Covid-19: les autorités sanitaires valident le test salivaire de Montpellier … mais pas pour tout le monde
La Haute Autorité s’est prononcée samedi 28 novembre en faveur de l’utilisation pour les personnes symptomatiques. Les chercheurs contestent les réserves qui freinent un déploiement plus large.
Favorable mais … La Haute Autorité de Santé (HAS) a rendu samedi un avis tant attendu sur l’intérêt du test salivaire EasyCoV à Montpellier pour détecter le Covid-19, résultat d’une recherche menée par le CNRS via la start- up SkillCell, avec le CHU de Montpellier qui a ouvert son centre de dépistage pour les études cliniques. Très prometteur selon ses auteurs, impatients et circonspects (1) face aux retards de la HAS ces derniers mois.
La Haute Autorité est moins enthousiaste. Elle recommande, avec de nombreux freins. Il valide ainsi l’utilisation du test salivaire EasyCoV et autorise en fait son remboursement par la sécurité sociale, mais uniquement chez les sujets symptomatiques, « pour lequel le prélèvement nasopharyngé est impossible ou difficile à réaliser ». L’échantillon doit être prélevé par un biologiste, EasyCoV ne se retrouvera pas en pharmacie, à l’instar des tests antigéniques aux recommandations étendues parallèles, malgré leurs imperfections (lire ci-contre). Les enjeux sont importants car le marché est colossal.
Pas pour les personnes asymptomatiques
Si le test est positif, la HAS recommande également « réaliser un contrôle par un test RT-PCR sur échantillon de salive ». Si l’appareil, non invasif, astucieux, doté d’un code couleur, et innovant, a séduit la HAS, avec son automate miniaturisé qui traite l’échantillon et l’analyse en une trentaine de minutes « contre au moins plusieurs heures pour la RT-PCR », ses défauts nous empêchent désormais d’aller plus loin.
« La sensibilité du test EasyCoV est satisfaisante pour les patients symptomatiques (84%). En revanche, la spécificité ne l’est pas: avec 92%, elle est inférieure à la performance minimale requise par la HAS », il recommande une sensibilité de 80% et une spécificité de 99%.
Autrement, «Le manque de données cliniques robustes sur les performances des personnes asymptomatiques ne permet pas de le recommander à ce stade dans cette situation», estime la HAS.
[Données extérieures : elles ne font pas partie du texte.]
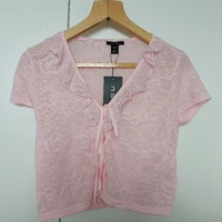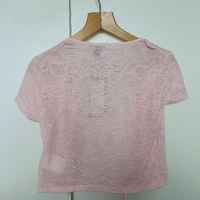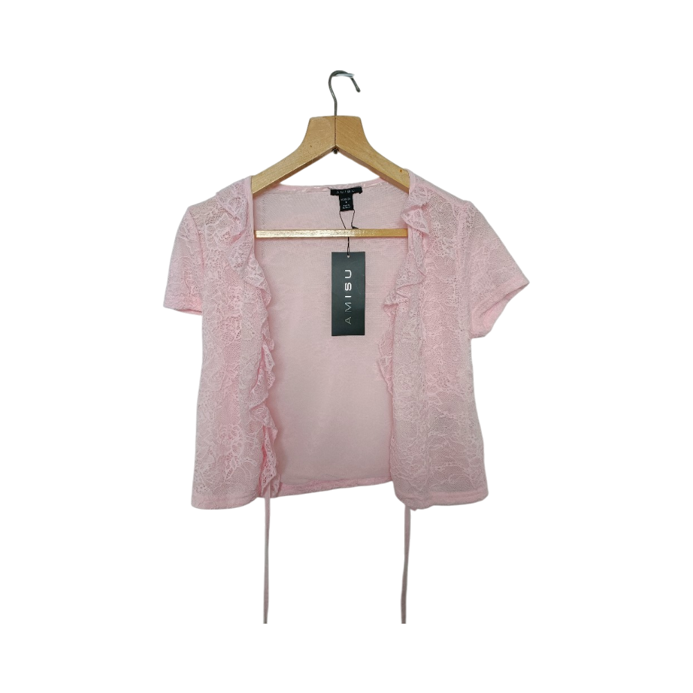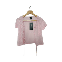 Vaalea pinkki pitsipaita, lyhyt ja röyhelöillä.
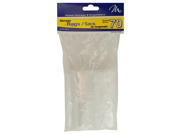 Organize and safeguard your small items efficiently with this comprehensive set of transparent locking storage bags. Featuring a total of 70 pieces, these bags are designed with secure locking tops to keep your items safe and accessible. Each bag measures approximately 5.25 inches by 3 inches, making them perfect for a variety of small items. The set is conveniently packaged in a poly bag with a header card for easy display and storage.
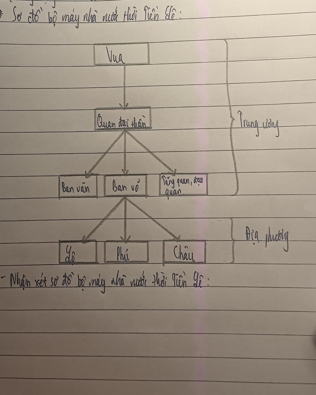 → Nhìn chung, bộ máy nhà nước thời Tiền Lê đơn giản nhưng chặt chẽ, quyền lực tập trung vào tay vua, góp phần củng cố sự ổn định và bảo vệ đất nước.
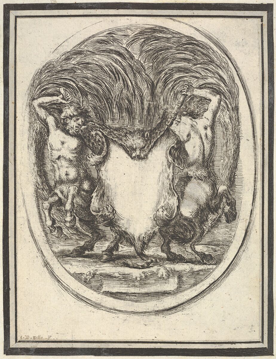 - Title:A cartouche formed by a tiger skin and flanked by two centaurs, plate 4 from "Nouvelles inventions de Cartouches"

« Le test est plus efficace que la HAS prétend qu’il s’agit d’une malhonnêteté intellectuelle », fulmine Jacques Reynes, chef de l’unité d’infectiologie du CHU de Montpellier, où le test a été évalué et équilibré avec deux autres techniques, la PCR nasopharyngée et la PCR salivaire. Avec Franck Molina, le chercheur CNRS patron du laboratoire montpelliérain Sys2Diag, qui a développé le procédé technologique, il avance d’autres résultats plus favorables, à condition, assurent-ils, à la HAS.
« Sur 488 sujets testés, dont 443 qui sont allés à la campagne de dépistage du CHU – les autres ont été hospitalisés –, on obtient une sensibilité de 86 % et une spécificité de 99,5 %. Chez les personnes symptomatiques, 263 sujets, les chiffres sont respectivement de 84 % et 99.03 %. Parmi les sujets asymptomatiques, 183 sujets, 93 % sensibilité, 100 % spécificité « .
Le débat technique (2) fait l’objet de polémiques, sur la transmission des données, leur fiabilité. Le CHU de Montpellier et le CNRS prévoient de contre-attaquer la semaine prochaine. Samedi, c’est la HAS qui a eu le dernier mot via son président, Dominique Le Guludec, et le chef du service d’évaluation, le docteur Cédric Carbonneil: « EasyCoV devra confirmer ». « Dès que nous disposons de données plus solides, nous changeons d’avis », souligne le professeur Le Guludec.
Franck Molina, « abasourdi par la mauvaise foi scientifique et intellectuelle de la HAS », a joué l’apaisement hier: « On a le feu vert, c’est toujours une très bonne nouvelle, on verra ce qui va se passer ensuite. Et ils ont fini par dire » oui « à la salive, c’est un premier pas ».